Melanie spoke to me every morning, and although I couldn’t understand her thoughts too well, I knew she was telling me to take care of Lieutenant Dial throughout our day of training. And every night when Lieutenant Dial and I returned, Melanie touched my head and said I was good. Then, after we all ate supper, she and Lieutenant Dial would climb into their bed, I would lie down on my cushion at its foot, and we would sleep. Sometimes in the night their scents grew stronger and blended together, and they made happy sounds. But I stayed quiet because I wanted them to stay happy. Other times I smelled or heard strangers outside our quarters, and I would go on alert even though Lieutenant Dial was still asleep and had not given me an order. But the strangers always went away, and then I slept again too.
Those were the only times Melanie was with us, and that one order every morning was the only order she ever gave me. All of my other orders, all of my treats, and all of my food came from Lieutenant Dial.
But Lieutenant Dial loved Melanie. I could see the word “love” whenever he thought of her. And that made me glad because it made him glad. So we were all happy on the day she came with us. She smelled like a hundred different flowers all mixed together, and she was wearing new clothes that seemed to float around her.
She also wore a gift that Lieutenant Dial had given her the night before. It was a shiny rock on a silver chain that she wore around her neck. Lieutenant Dial told me that Melanie liked the color of the rock. It just looked like a rock on a chain to me. But when Lieutenant Dial put it around Melanie’s neck, it made me think of the chain and tags that Lieutenant Dial wore around his own neck whenever he was on duty. And it also made me think of the collar he put on me when I wasn’t wearing my duty harness. So then I understood why Melanie was so happy to receive the rock and chain. Now we all had things to wear around our necks.
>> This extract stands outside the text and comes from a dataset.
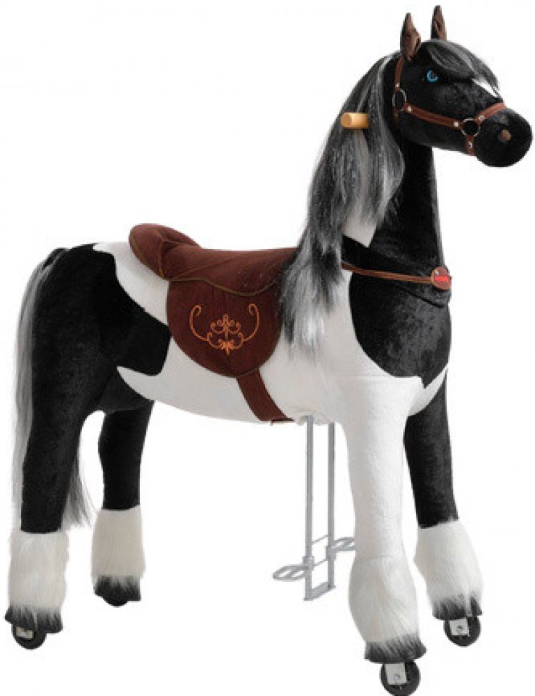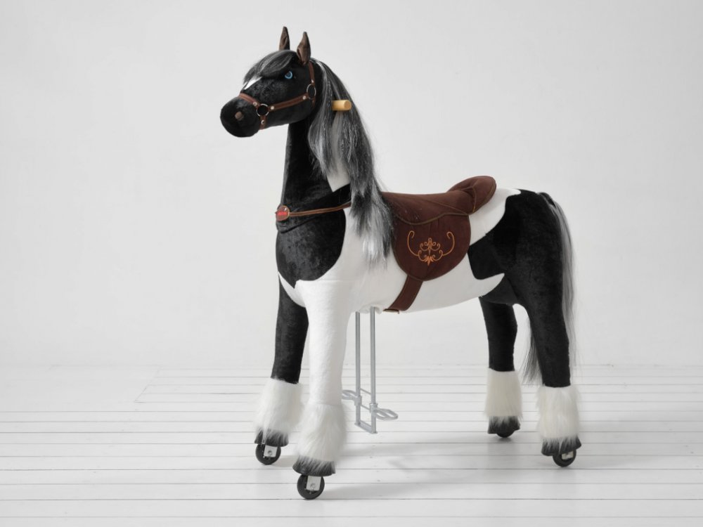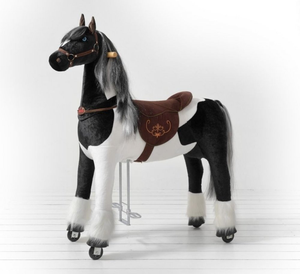 Ponnie Jezdící kůň Domino XL PROFI 9-99 let max. váha jezdce 100 kg Domino XL Ponnie je unikátní hračkou, která kombinuje roztomilost a jemnost plyšové hračky s nápaditým mechanismem fitness přístroje. Koník rozvíjí koordinaci pohybů dítěte a zapojuje důležité svalové partie, které nejsou běžně zatěžovány. Do pohybu se uvede dětskými pohyby nohou a následně celého těla, které reálně připomínají jízdu na skutečném koni (nemá motor a nejsou potřeba ani žádné baterie). Koník se rozjede nasedáním a vysedáním ze sedla a opřením o nožní madlo. Směr jízdy si určuje dítě natáčením madel. Kostra koníka je vyrobena z odolné kovové konstrukce a koník se pohybuje na obdobných kolečkách, jako jsou na in-line bruslích. PROFI koníci mají nastavitelnou délku stupátka, dle výšky jezdce. Kůň v černo bílé barvě jezdí bez problémů na koberci, dlažbě, parketách i plovoucí podlaze. Kolečka jsou z bezbarvé gumy, takže nedochází k poškrábání ani zabarvení podlahy. Venku se dá na koníkovi jezdit na asfaltových površích i zámkové dlažbě. Výrobek je určen pro jízdu na hladkých rovinatých površích. Nemá brzdný systém a je navržen tak, aby při jízdě na rovinatém povrchu nedosáhl nebezpečné rychlosti. Balení a montáž – produkty jsou baleny v kartonové krabici. Jsou plně sestaveny, je jen potřeba připevnit hlavu na trup výrobku jednoduchým utažením šroubu a zapnutím zipu. Určen pro děti ve věku od 9 let max. váha jezdce 100 kg, optimální výška od 130 cm výška sedu 86 cm, délka nohy jezdce od 69 cm Délka 124, šířka 46, výška 133 cm, váha 28 kg PROFI koníci mají nastavitelnou délku stupátka, dle výšky jezdce

We didn’t go to our usual training area at the fort that day. Instead we went to a park by the ocean. There were flags and people everywhere. It was busy and noisy, and I wanted to run around and smell everything. But Lieutenant Dial ordered me to stay beside him, and that was fun too. I still got to smell everything. We walked from one tree to another, with me on one side of Lieutenant Dial and Melanie on the other. And at every tree, people gathered around while Lieutenant Dial told them who he was and who I was. Then he would give me a few orders—easy things like attention, on guard, and secure-the-perimeter—and we would move on. A lot of people asked if they could touch me, but Lieutenant Dial said they couldn’t. He explained that I was on duty. I wasn’t a pet. I was a corporal.